What is the test accuracy of `model2`? Did the model performance improve as compared to that in Question 2?

.8417. Yes, it has improved.

What is the difference between the train accuracy and the test accuracy in `model2`? Did it grow larger as compared to that in Question 2? No need to explain.

For model2, the difference is 0.0157. For Question 2, the difference is 0.7561. The difference decreased.

In [15]:
fashion_mnist = keras.datasets.fashion_mnist
(train_images, train_labels), (test_images, test_labels) = fashion_mnist.load_data()

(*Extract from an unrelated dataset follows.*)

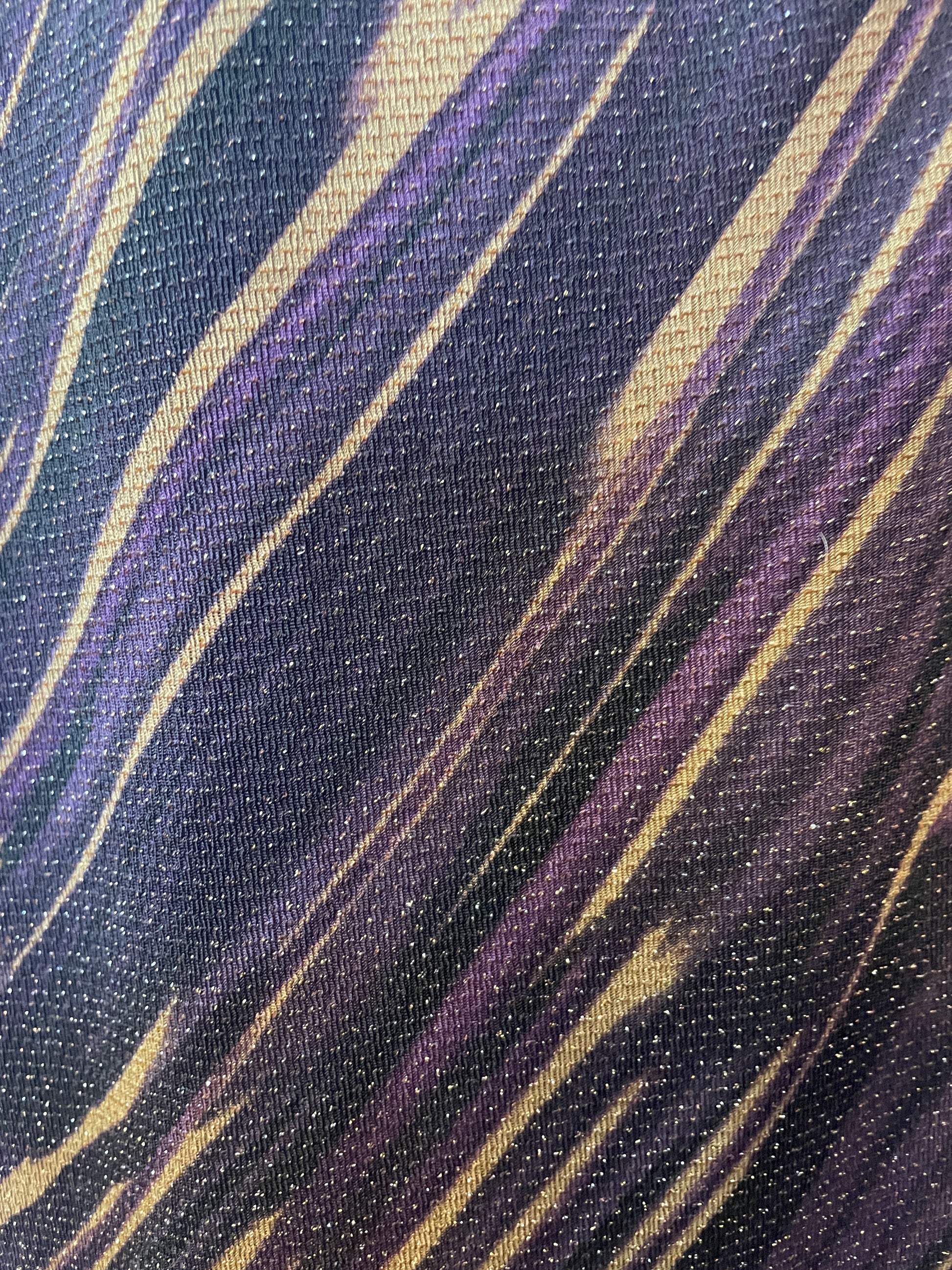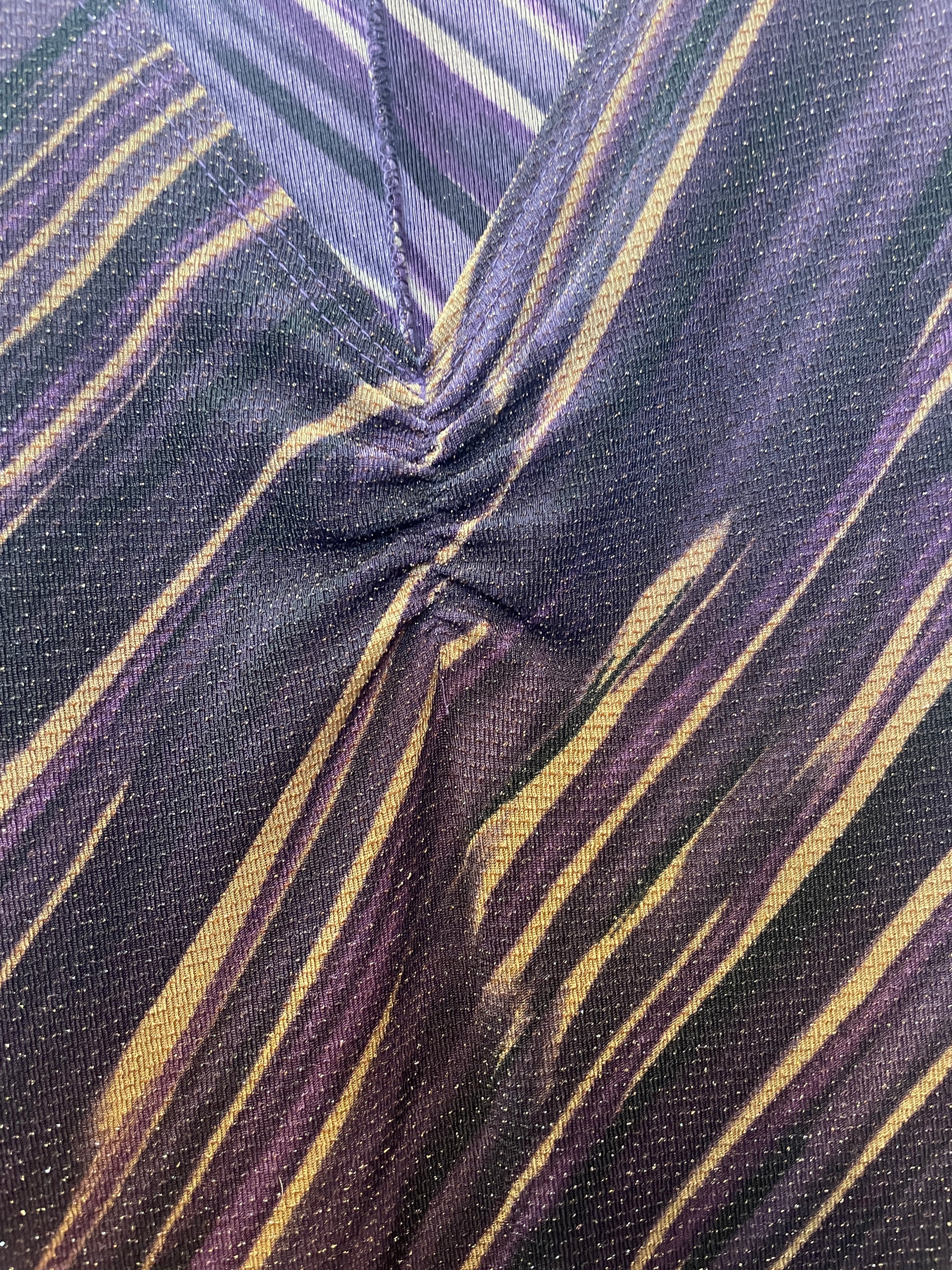 dress with Gold Lurex threads on an abstract stripe pattern and side slits on both sides

class_names = ['T-shirt/top', 'Trouser', 'Pullover', 'Dress', 'Coat',
               'Sandal', 'Shirt', 'Sneaker', 'Bag', 'Ankle boot']

model3 = keras.Sequential([
    keras.layers.Flatten(input_shape=(28, 28)),
    keras.layers.Dense(256, activation='relu'),
    keras.layers.Dense(256, activation='relu'),  
    keras.layers.Dense(10, activation='softmax')
])

model3.compile(optimizer='adam',
              loss=tf.keras.losses.SparseCategoricalCrossentropy(),
              metrics=['accuracy'])

model3.fit(train_images, train_labels, epochs=20)

test_loss, test_acc = model3.evaluate(test_images, test_labels)

print(f'\nTest accuracy: {test_acc:.4}')


Epoch 1/20
Epoch 2/20
Epoch 3/20
Epoch 4/20
Epoch 5/20
Epoch 6/20
Epoch 7/20
Epoch 8/20
Epoch 9/20
Epoch 10/20
Epoch 11/20
Epoch 12/20
Epoch 13/20
Epoch 14/20
Epoch 15/20
Epoch 16/20
Epoch 17/20
Epoch 18/20
Epoch 19/20
Epoch 20/20

Test accuracy: 0.8533


What is the test accuracy of `model3`? Did the model performance improve as compared to that in `model2`?

.8533. Yes, it improved.

What is the difference between the train accuracy and the test accuracy in `model3`? Did it grow larger as compared to that in `model2`? No need to explain.

For model3, the difference is 0.0171. For model2, the difference is .0157. It got larger.

In [16]:
fashion_mnist = keras.datasets.fashion_mnist
(train_images, train_labels), (test_images, test_labels) = fashion_mnist.load_data()

class_names = ['T-shirt/top', 'Trouser', 'Pullover', 'Dress', 'Coat',
'Sandal', 'Shirt', 'Sneaker', 'Bag', 'Ankle boot']

model4 = keras.Sequential([
keras.layers.Flatten(input_shape=(28, 28)),
keras.layers.Dense(256, activation='relu'),
keras.layers.Dropout(.25),
keras.layers.Dense(256, activation='relu'), 
keras.layers.Dense(10, activation='softmax')
])

model4.compile(optimizer='adam',
loss=tf.keras.losses.SparseCategoricalCrossentropy(),
metrics=['accuracy'])

model4.fit(train_images, train_labels, epochs=20)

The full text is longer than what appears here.